Question

Given the function `f(x)= ln x^2`, how do you determine whether f satisfies the hypotheses of the Mean Value Theorem on the interval [1,3] and find the c?

Answer 1

`c = 2/ln(3)`

Explanation:

First of all, let's remind that the Mean Value Theorem states that, if `f` is a continuous function on the closed interval `[a,b]`, and differentiable on the open interval `(a,b)`, then there exists some `c` in `(a,b)` such that

`f'(c) = (f(b)-f(a))/(b-a)`

id est, there exists an inner point in which the tangent line is parallel to the line connecting `f(a)` and `f(b)`.

Since your function is continuous in `[1,3]` and differentiable in `(1,3)`, we can invoke the theorem.

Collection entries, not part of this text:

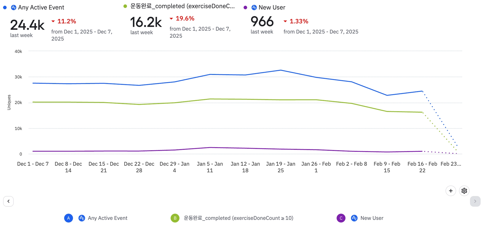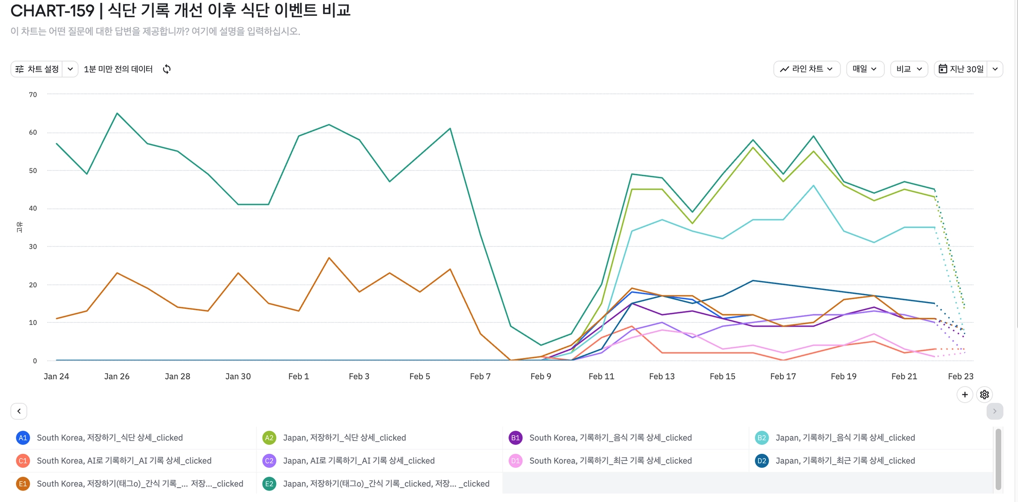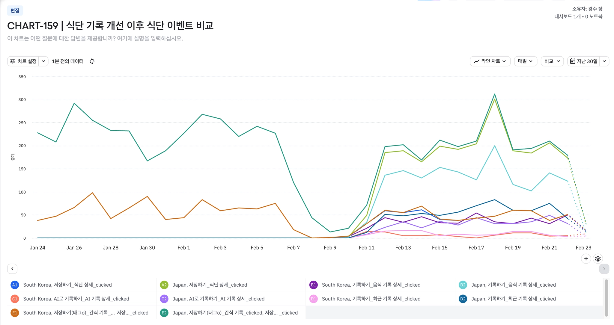 2월 1일 기준 일간 Paid 집행액 90% 감소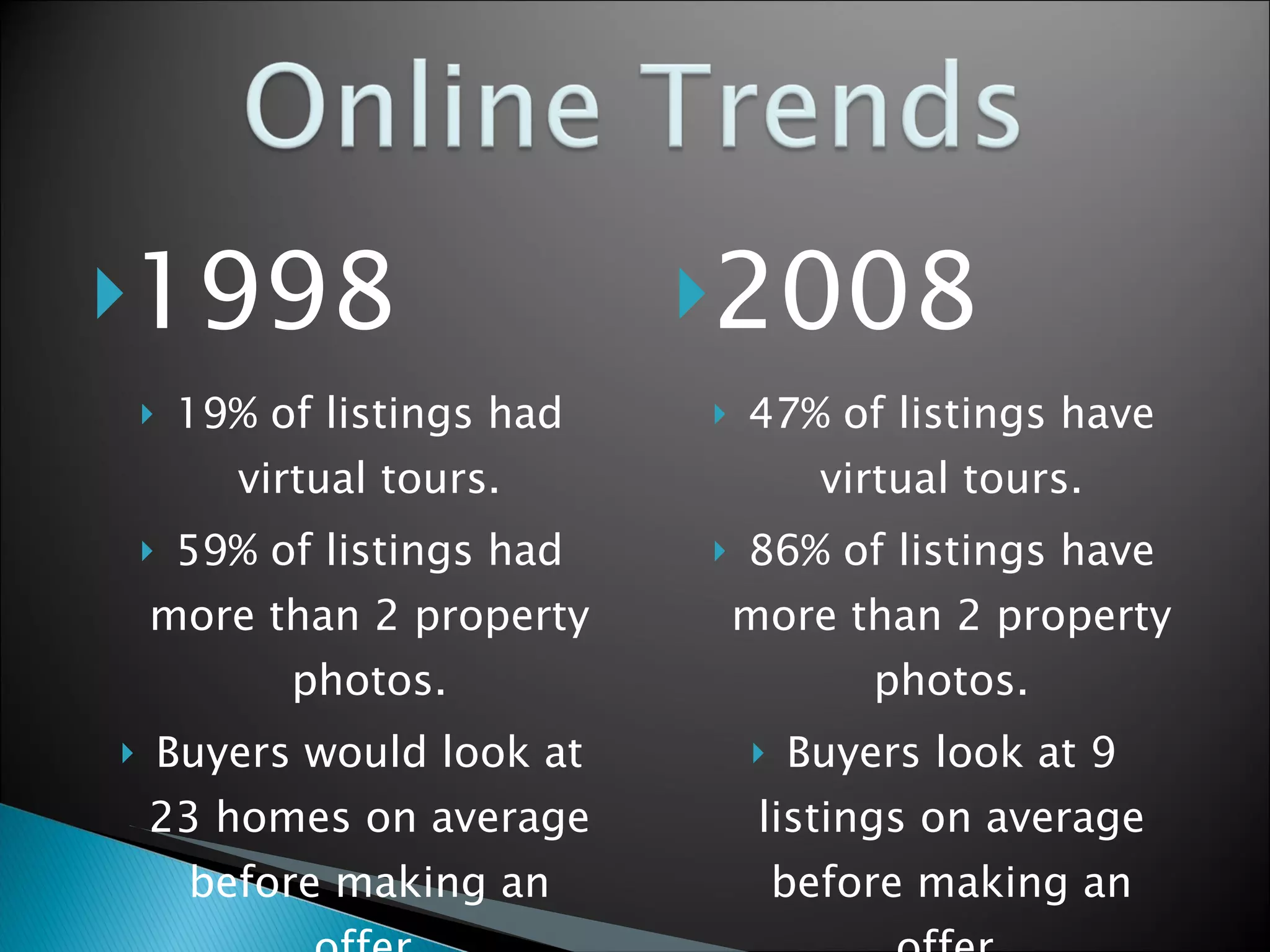 The document summarizes changes in home buying behavior between 1998 and 2008 and provides tips for improving search engine optimization (SEO) through creating unique content, linking to and from other credible sites, targeting specific keywords, and using blogs. It also briefly describes two listing syndication companies and their offerings.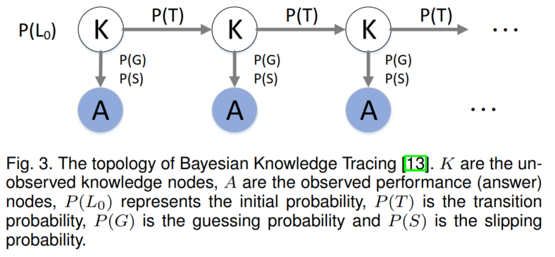 Bayesian Knowledge Tracing ,是特殊的HMM模型。因此,包含transition probabilities和emission probabilities。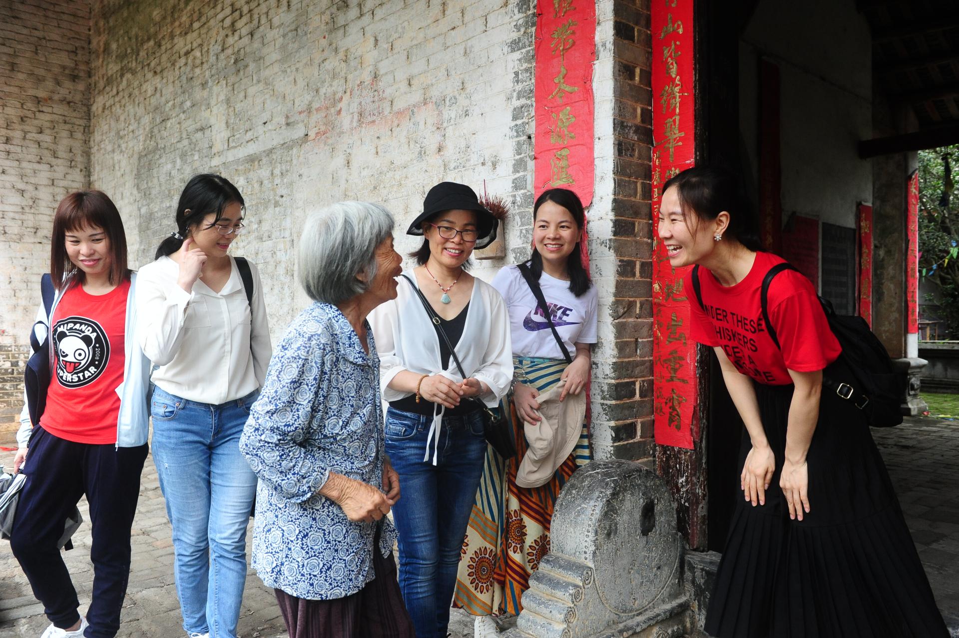 在陈氏宗祠与管理员老奶奶亲切交谈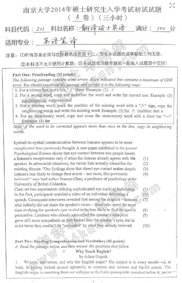 专业课半岛在线注册资料 本站小编 半岛在线注册 2020-02-172010年中国海洋大学211翻译硕士英语半岛在线注册真题及详解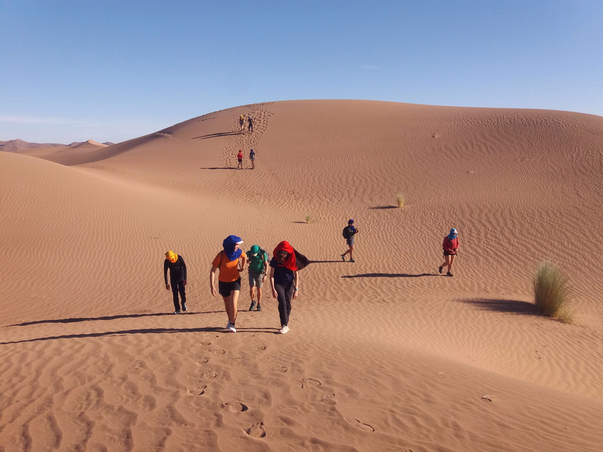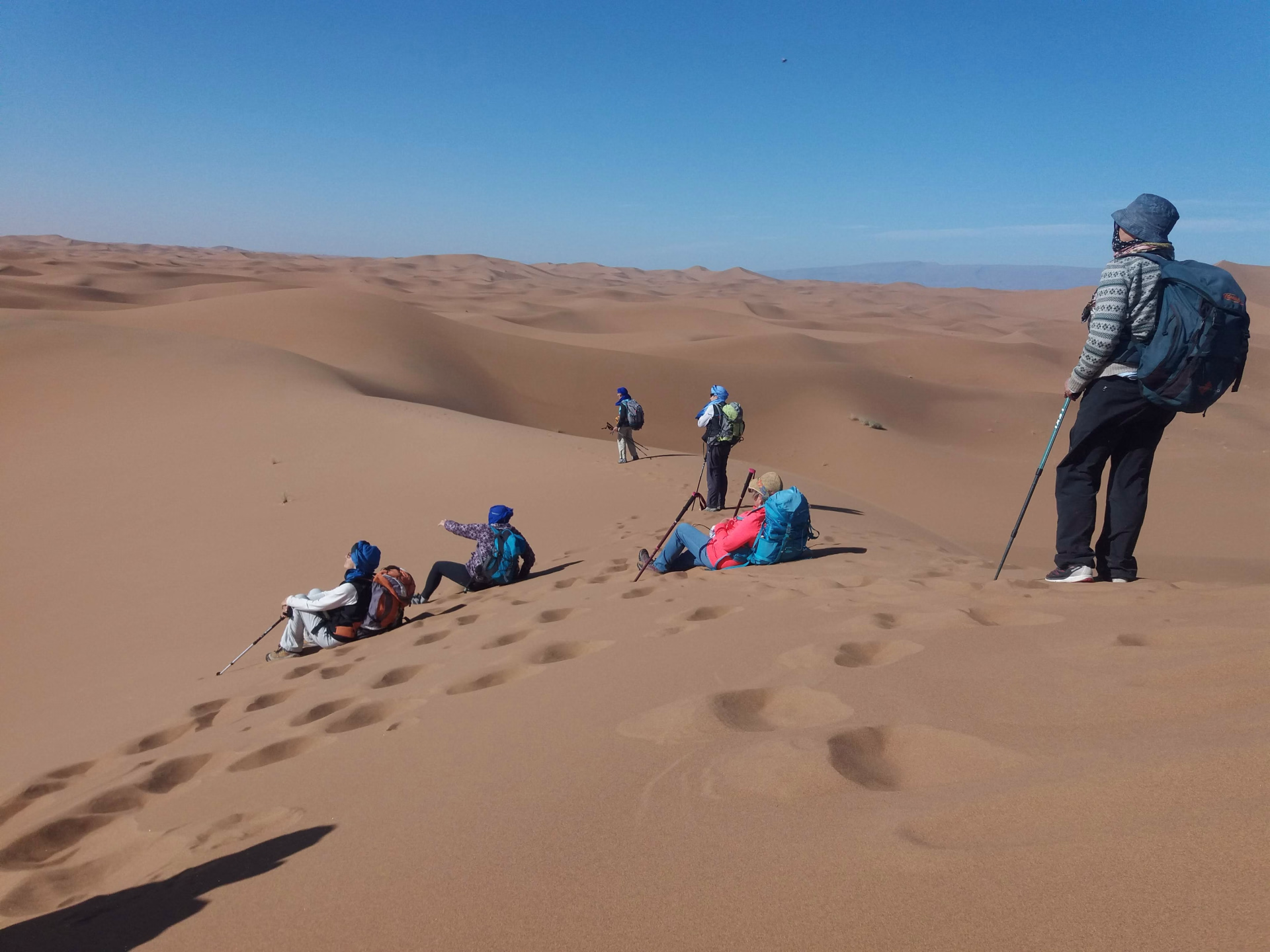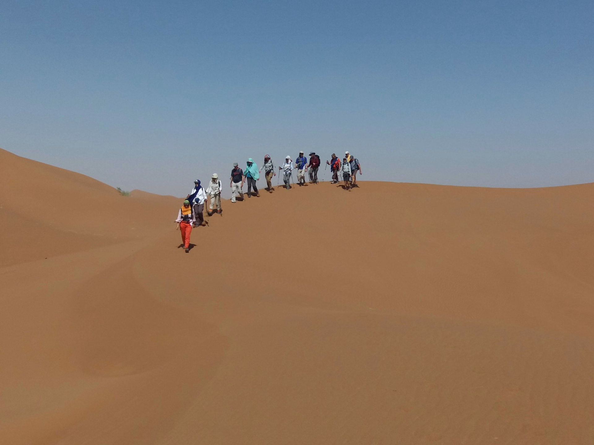Après un dernier lever de soleil sur les grandes dunes de Chegaga, la marche reprend en direction de l’ouest, à travers une zone de dunes mouvantes et de petites plaines sablonneuses.

Moreover, we can observe that `ln(x^2)=2ln(x)`, which will simplify a bit our computations. In fact, we have:

• `f'(x) = 2/x`
• `f(b) = f(3) = 2ln(3)`
• `f(a) = f(1) = 2ln(1)=0`
• `b-a = 3-1 = 2`

So, we need to solve for `c` the equation

`f'(c) = (f(b)-f(a))/(b-a) \to 2/c = (2ln(3))/2 = ln(3)`

Inverting both sides, we have

`2/c = ln(3) \iff c/2 = 1/ln(3)`

And finally, multiplying by `2` both sides,

`c/2 = 1/ln(3) \iff c = 2/ln(3)`

We can also check that `2/ln(3)` is approximately `1.8204...`, so it is indeed a number between `1` and `3`.